*** Information shown Section Begins ***

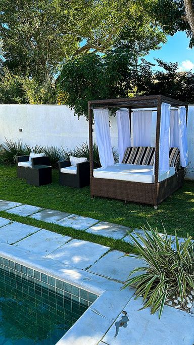 A casa possui piscina privativa, área VIP com banheiro externo, espaço gourmet com fogão a lenha, churrasqueira, adega para vinhos, freezer cervejeira e sistema de som JBL integrado. Há também um charmoso gazebo com voal, ideal para relaxar.
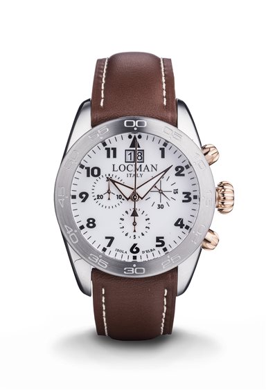 Orologio uomo , cassa in acciaio 316L , movimento cronografo al quarzo , quadrante bianco con numeri arabi neri , datario , corona a vite , fondello in titanio a pressione , numero seriale di produzione inciso sul fondo , ghiera satinata , corona e pulsanti in PVD oro rosè , vetro zaffiro , cinturino in pelle marrone liscio con cuciture bianche.
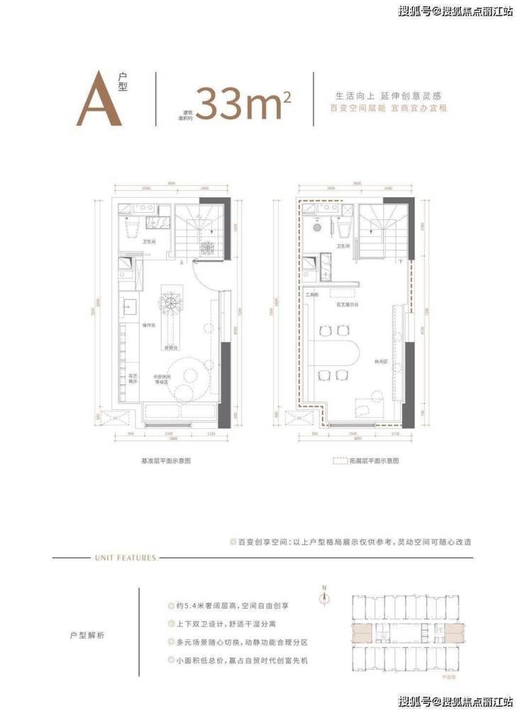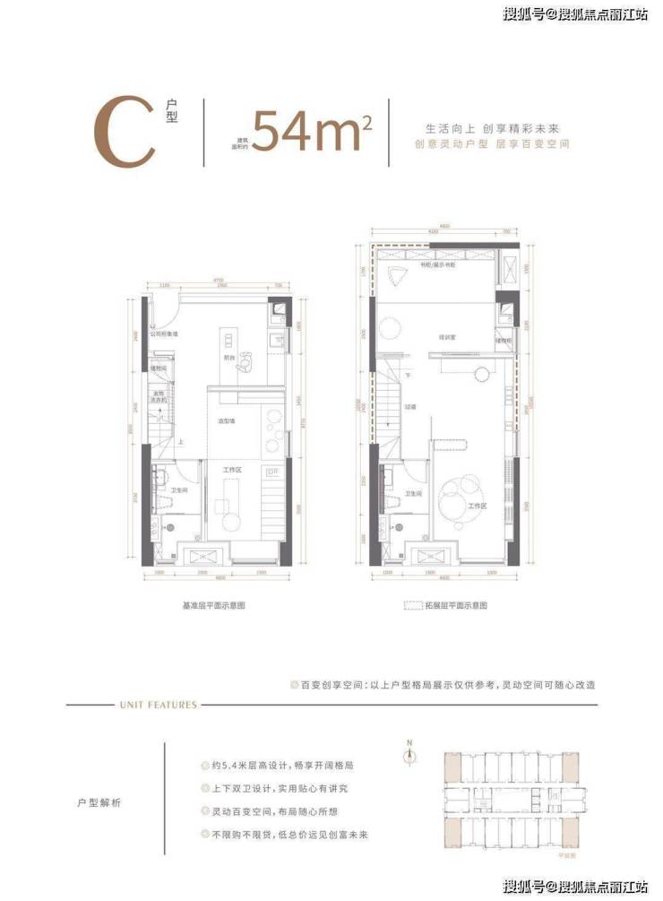 层高:5.4米挑高设计。买一层享两层,小空间,大世界
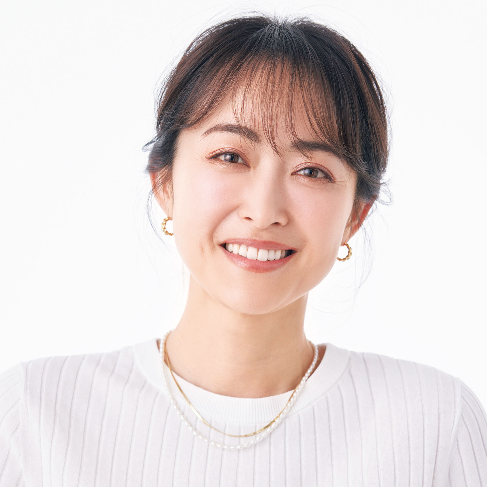 ニット¥16,500(アンタイトル)ピアス¥18,700〈ココシュニック オンキッチュ〉(ココシュニック)パールネックレス¥50,600〈Pearl for Life〉ゴールドネックレス¥2,640〈アプロ〉(ともにロードス)

*** Information shown Section Ends ***

:: Brief ::
Could you copy the listing exactly, leaving out any pictures?

:: Exercise output ::
 A casa possui piscina privativa, área VIP com banheiro externo, espaço gourmet com fogão a lenha, churrasqueira, adega para vinhos, freezer cervejeira e sistema de som JBL integrado. Há também um charmoso gazebo com voal, ideal para relaxar.
 Orologio uomo , cassa in acciaio 316L , movimento cronografo al quarzo , quadrante bianco con numeri arabi neri , datario , corona a vite , fondello in titanio a pressione , numero seriale di produzione inciso sul fondo , ghiera satinata , corona e pulsanti in PVD oro rosè , vetro zaffiro , cinturino in pelle marrone liscio con cuciture bianche.
 层高:5.4米挑高设计。买一层享两层,小空间,大世界
 ニット¥16,500(アンタイトル)ピアス¥18,700〈ココシュニック オンキッチュ〉(ココシュニック)パールネックレス¥50,600〈Pearl for Life〉ゴールドネックレス¥2,640〈アプロ〉(ともにロードス)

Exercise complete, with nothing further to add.